The Turnpike Authority expects rates to increase about 5 percent a year through 2015. Money collected from the tolls will pay off about 70 percent of the construction costs on the road.

“We owe the bank $1 billion, and we’ve got to repay it,” Joyner said.

Some drivers consider the tolls a waste of money.

“I pretty much know how to get around and can probably go places without using a toll road, and I’d probably prefer that,” driver Andrew Leliever said.

When they hear that the road could save them up to 20 minutes on a trip through western Wake County, others said they would use the toll road.

“I’d definitely consider it, definitely consider it because being stuck in that traffic when it’s really bad is brutal,” driver Brinson Taylor said.
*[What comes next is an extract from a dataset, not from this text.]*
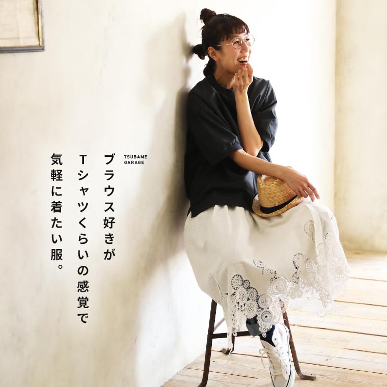 ツバメガレージ Tシャツ以上ブラウス未満な、プルオーバー M/L/LL/3L/4Lサイズ レディース/クルーネック/半袖/5分袖/五分袖/トップス

“Time is money, and money is time. I think that right there sums it up,” driver Lamont Middleton said.

Tolls will initially be charged on a 3.4-mile stretch called the Triangle Parkway that is expected to open late this year between N.C. Highway 147 in Durham and N.C. Highway 540 in Morrisville.

Transponders will go on sale this fall, before the highway opens. Officials say the units also will work on the E-Z Pass system in the Northeast and on toll roads in Florida.

The 12.6-mile Western Wake Freeway should open in 2012 between N.C. Highway 55 in Cary and N.C. 55 in Holly Springs. When that section opens, tolls will also be collected on N.C. 540 between N.C. Highway 54 and N.C. 55, which has been toll-free since it opened in 2008.